Wow this thread is crazy you people know very little about the occupy movement. Its like you pretend not to watch the antichristian mainstream media but actually listen to them about this and politicals. The occupy movement has been peaceful from the start and even the oakland protesters were peaceful those people were provoked by the cops who have arrested and physically attacked the protestors it could only go so far. And Oakland is known for its violent people and angry people so its not a suprise they react.

Dont judge everyone in the national protest by the acts of few. The protest is meant to be peaceful and for the most part it has stayed that way. The protest is to fight political and corporate corruption which has caused world problems and deaths. I am against violence and violent protestors but Their is nothing wrong with a peaceful protest. And if you people were truly not bias against the protestors you would look up all the countless videos of protestors many being women being beaten pepper sprayed and arrested for just standing around. Again almost all of the protests have been peaceful and what they are protesting does not seem bad or crazy.
I’m sorry. I missed the memo where people were being stolen from, vandalizing, raped or dying on CAF. Heck, i despize PETA protests for their human-on-human violence and think LGBT parades are sexual promiscuity factories but even IF its 1/100 thats way TOO many casulities for a social statement.

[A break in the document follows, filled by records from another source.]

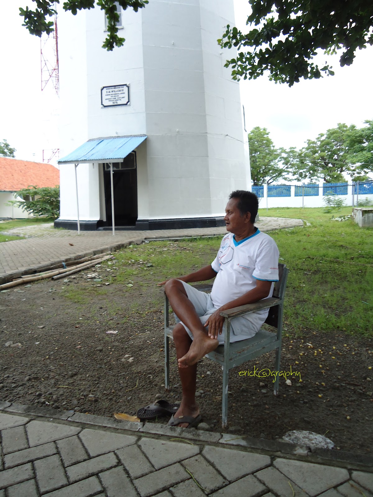 Mercu Suar itu berada di dalam area berpagar tembok, yang dikelilingi oleh mess
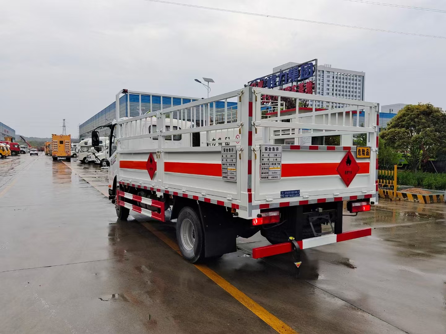 底盤配置 虎VN平頂單排駕駛室,錫柴CA4DB1A14E68,6GS42,270沖焊橋(速比4.875、輪距1640),速比4.875,7.50R1616層級真空胎,帶國產ABS,前盤后楔制動器,空調+電動門窗+中控鎖,氣喇叭,高架箱,80L鋁合金油箱,板簧3/7+3,前輪帶爆胎應急裝置,前碰撞預警+車道偏離輔助預警,前下防護,防飛濺擋泥板,排氣火花熄滅器,限速79km/h,北斗+GPRS行車記錄儀(帶視頻記錄功能),帶靜電拖地帶,NFH,危險品專用底盤
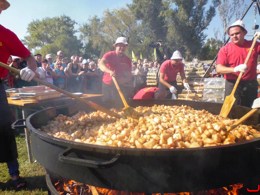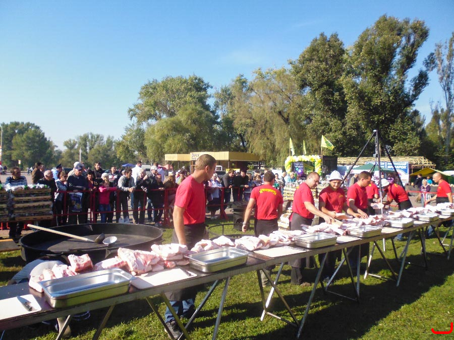 В Запорожье во время празднования дня города был установлен очередной гастрономический рекорд Украины. Команда «Запорожского самовара» приготовила самую большую запорожскую шкварчанку: в двухметровой сковородке было поджарено сала на 16,5 тыс. порций.
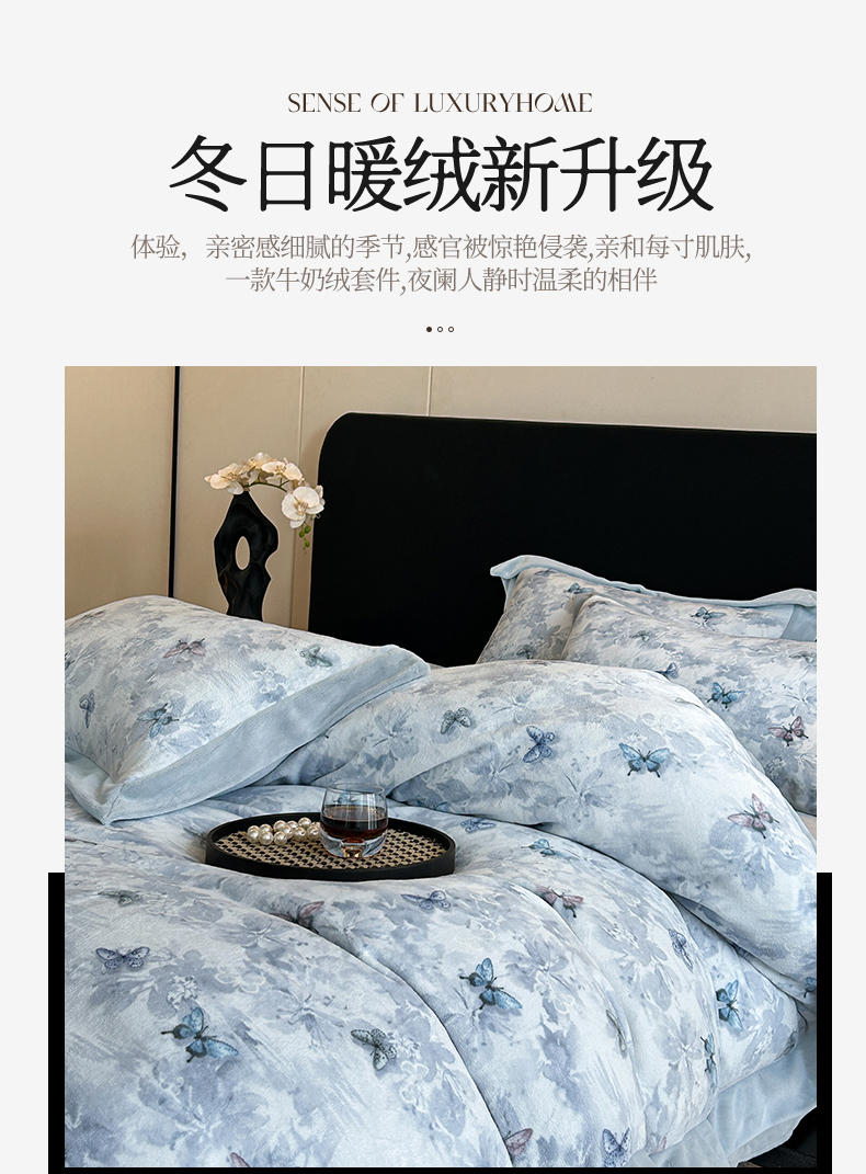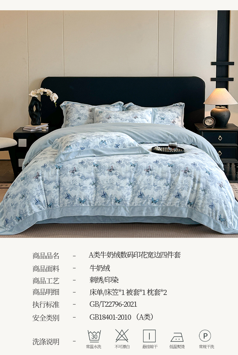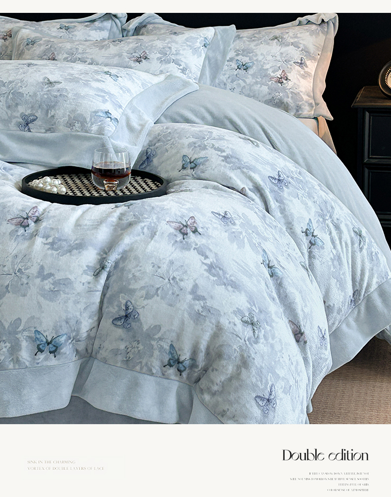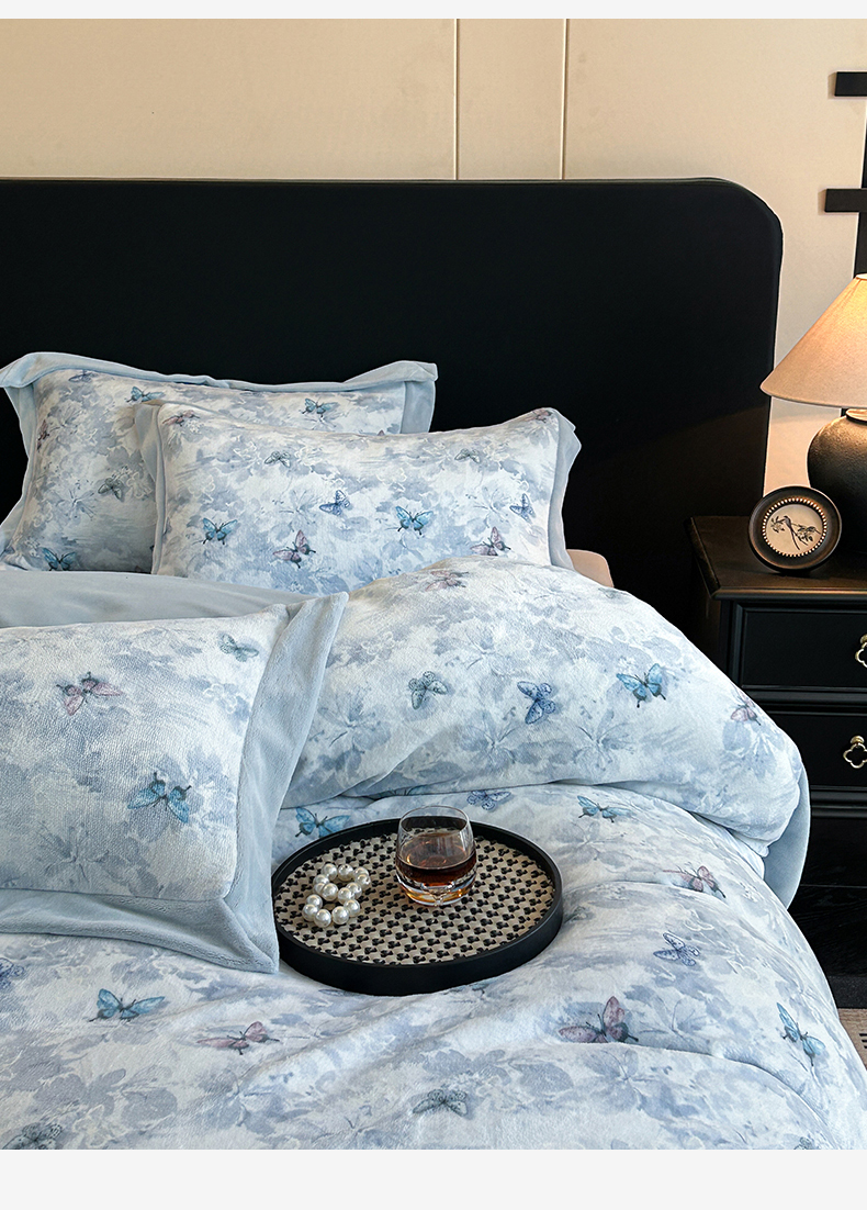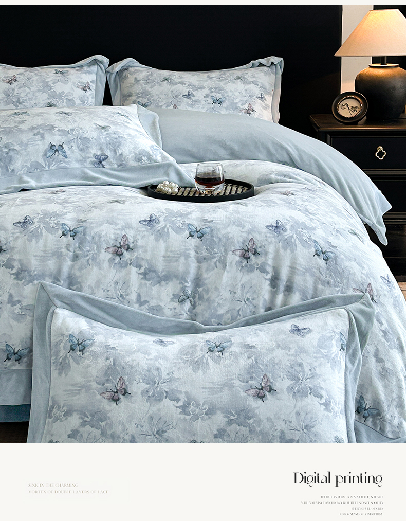 当前位置: 91家纺网 > 商品网购 > 床品套件 > 四件套 > 牛奶绒四件套 > 眷恋家纺 2025新款加厚牛奶绒法式数码印花宽边四件套 韵蝶
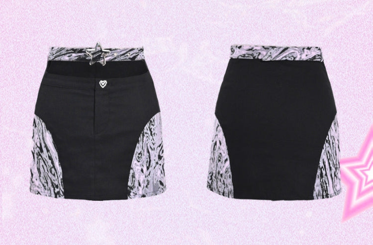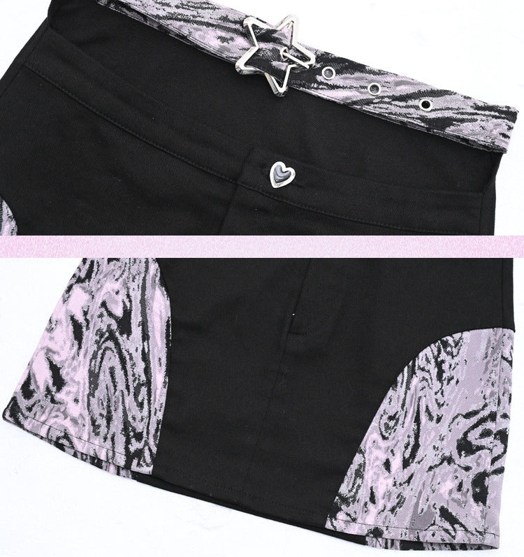 Y2Kフィットミニスカート スターバックル カットアウトウエスト
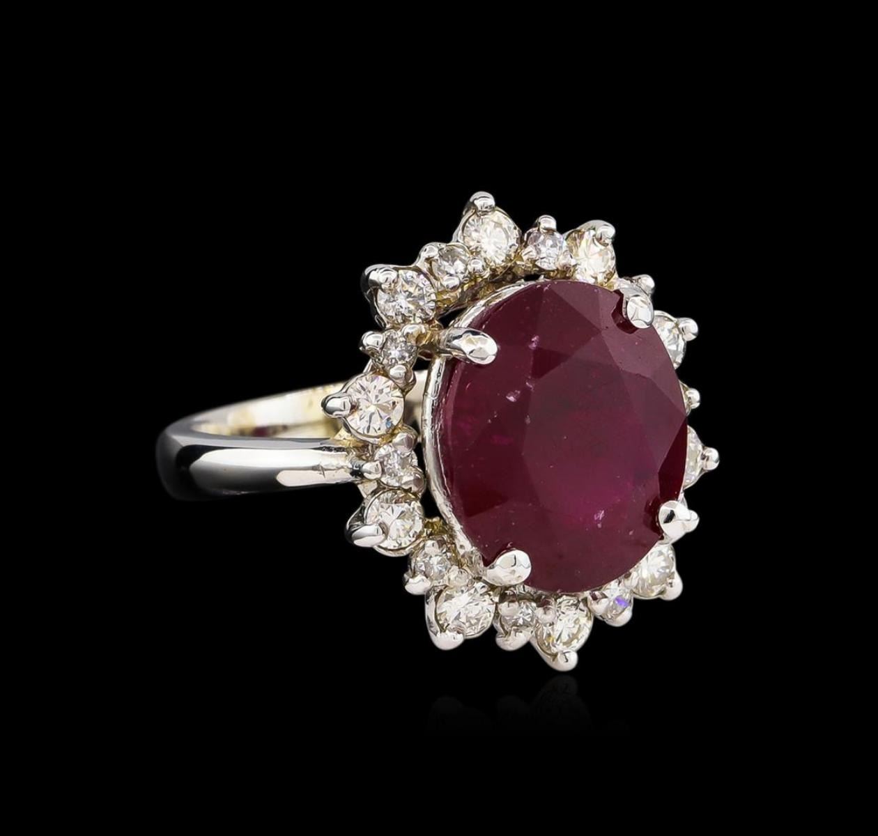 One electronically tested 14KT white gold Ladies combination cast & assembled ring with a bright polish finish. Condition is new. Identified with markings of "K14". Containing: One prong set oval modified brilliant cut natural ruby, measuring 13.34 x 11.57 x 7.10mm, approximate weight of 8.81ct., clarity is heavily included, type II, medium dark, moderately strong, strongly purplish red color, (GIA stpR 6/4), cut is good. Colored gemstones are presumed to have been subjected to commonly used color/clarity enhancement processes. Ten prong set round brilliant cut diamonds, measuring 2.80 - 2.80 x 1.68mm (depth est.) approximate. Total Weight of 10 Stones = 0.80 ct. Clarity: I-1 to I-2. Color: J - K, Cut is Good. Ten prong set round brilliant cut diamonds, measuring 1.50 - 1.50 x 0.90mm (depth est.) approximate. Total Weight of 10 Stones = 0.12ct. Clarity: I-1 to I-2. Color: J - K, Cut is Good. Total Weight of Colored Stones 8.81ct. Total Weight of Diamonds 0.93ct. Total Weight of Ring 7.80 grams. GGL Appraised.
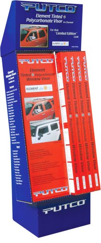 The Putco element tinted window visors POP display can be used as either a floor display or hung on any wall. The full color display assembles in minutes and includes live product.
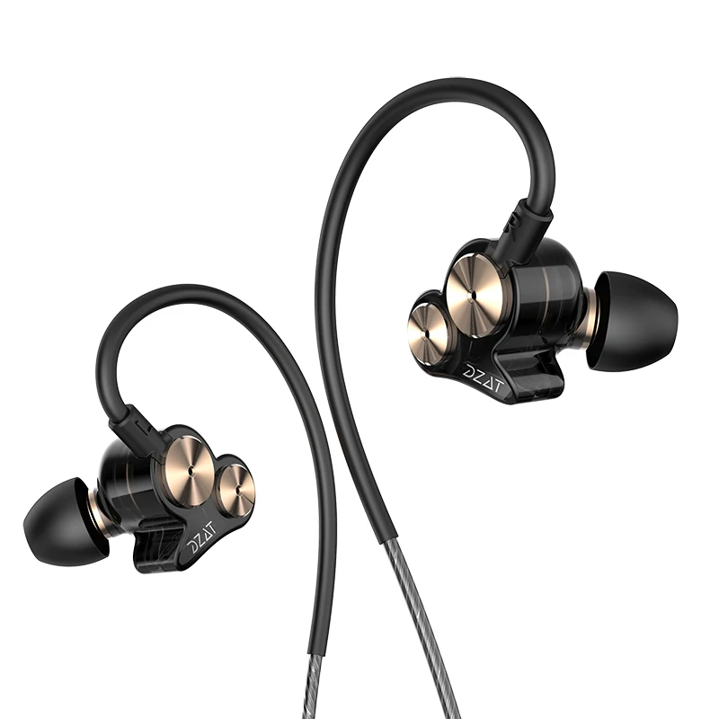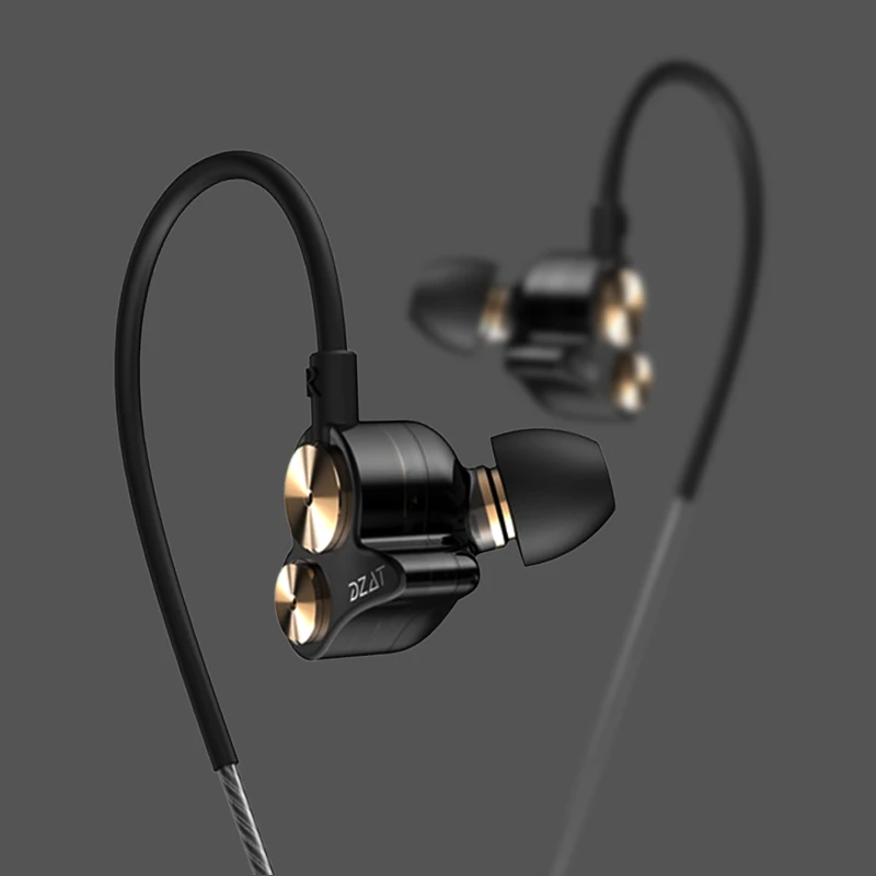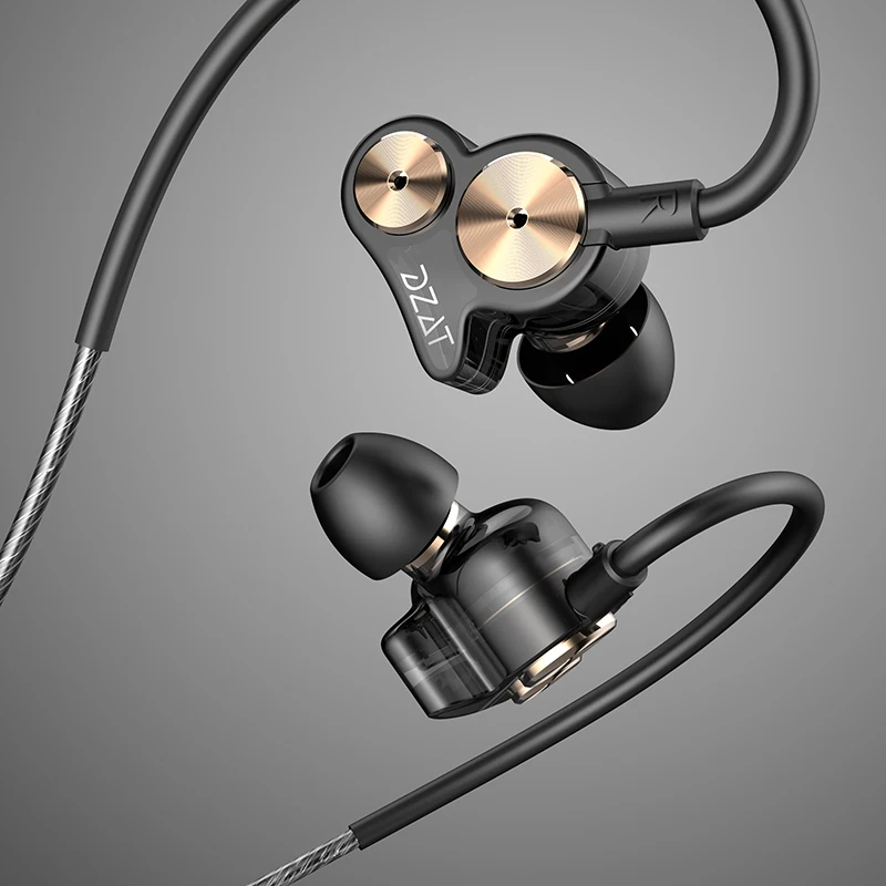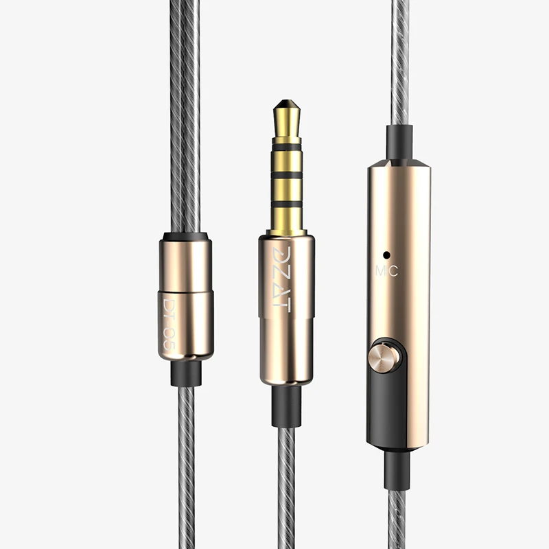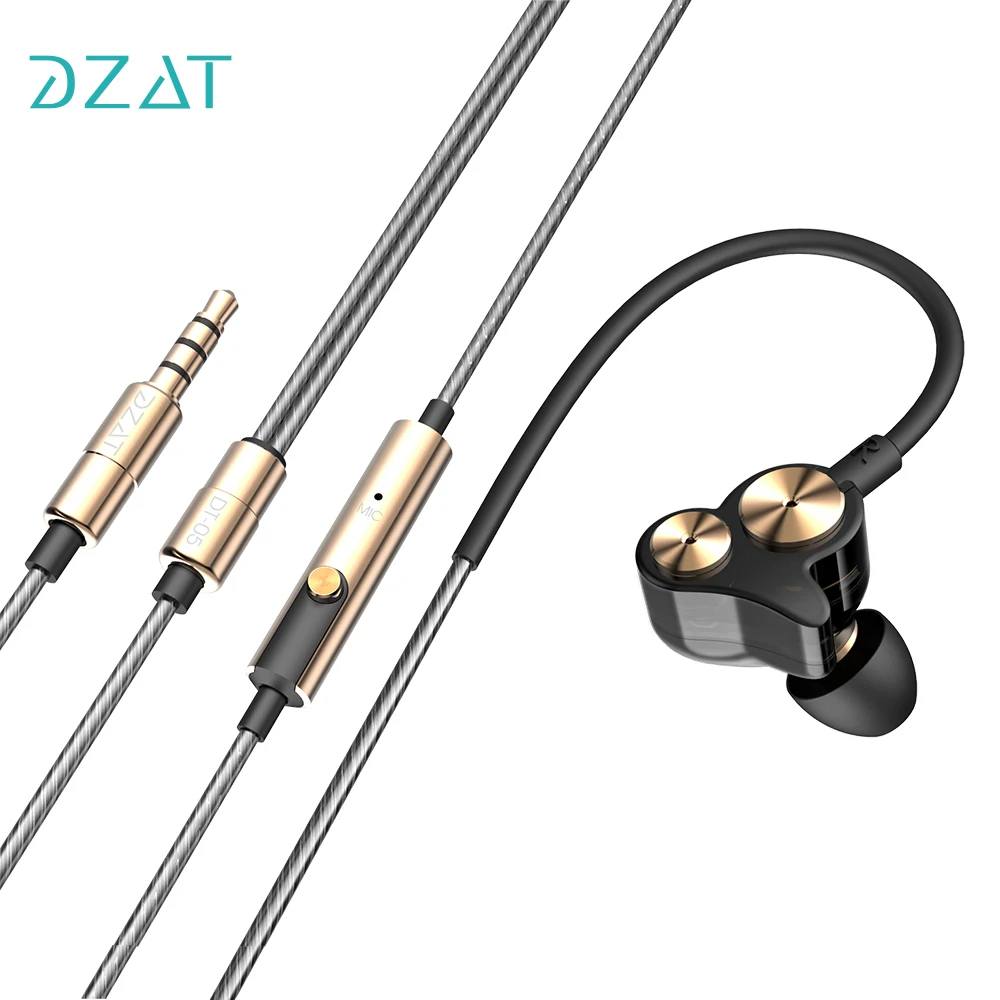 Внутриканальные наушники DZAT DT-05 с двойным динамиком, разъем 3,5 мм, проводные спортивные наушники с шумоизоляцией, наушники с микрофоном для смартфонов
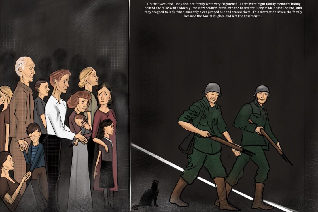 We were tasked with expressing scenes from the biography. I chose the moment when Toby and her family faced imminent danger while in hiding. In a cramped basement, eight family members trembled behind a false wall as Nazi soldiers stormed in. Toby’s small noise threatened to expose them, but a sudden, unexpected distraction a cat leaping out saved them. The soldiers, momentarily amused, left without discovering the hidden family.
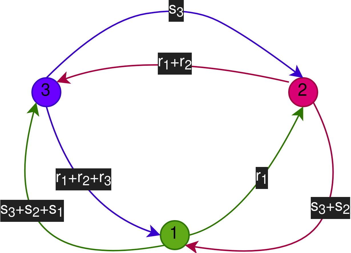 \(P_3\) знает: \(s_3\), \(r_3\), \(r_1+r_2\), \(s_1+s_2+s_3\)
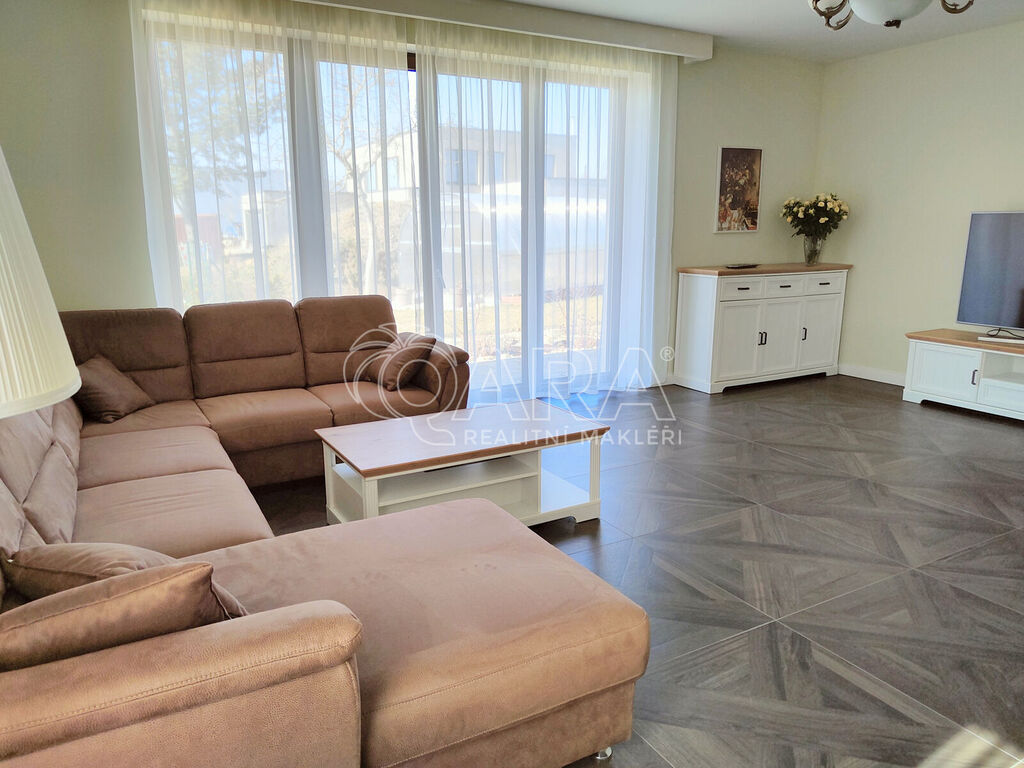 Dominantou přízemí je velký obývací pokoj s krbem a velkými okny, který je vkusně rozdělen na obývací, kuchyňskou a jídelní část. Krb dodává prostoru velmi útulný nádech. Pět neprůchozích pokojů zaručují dostatek soukromí pro početnou rodinu. V přízemí se také nachází spíž, hlavní ložnice, samostatné WC, zádveří s přímým vstupem do garáže a technické místností. Za zmínku stojí hlavní ložnice s vlastní koupelnou a šatnou, s výstupem na zastřešenou terasu orientovanou na západ. Druha terasa se nachází v prvním patře hned nad hlavní ložnici a je přístupná ze společné chodby. První patro tvoří 3 ložnice, z toho jedna je využívaná jako pracovna. Dále jsou zde velká koupelna a prostorná komora.

Its again a SOCIAL statement.

With mob mentality i am sure only the typical percentage of crimes comitted are being reported. People need to go have their camping trip elseware.
 
I understand there have been some clashes with police, as this is to be expected. However, the protestors fail to acknowledge that their right to protest ends where the rights of others begins. They do not have the right to inhibit safe passage to and from businesses for days on end. They have no right over privately owned property. Like many protests of this nature, the danger is that they will hit the wrong target, hurting others like themselves and doing nothing to those they wish to protest against.
 
Why is that?

Would you care to share some specifics?
I think the talk about second amendment remedies and the don’t tread on me mentality fail to see the forest through the trees. What? “Real” men don’t protest? What’s better; getting out there and having your voice heard or sitting in your cabin with your gun in your lap waiting for the guvmint to come and get you? It’s just posturing without contributing IMHO.
 
What’s better; getting out there and having your voice heard or sitting in your cabin with your gun in your lap waiting for the guvmint to come and get you?
Government. I think it best not to perpetuate the myth that those who are different than us are somehow more stupid by use of stereotyping.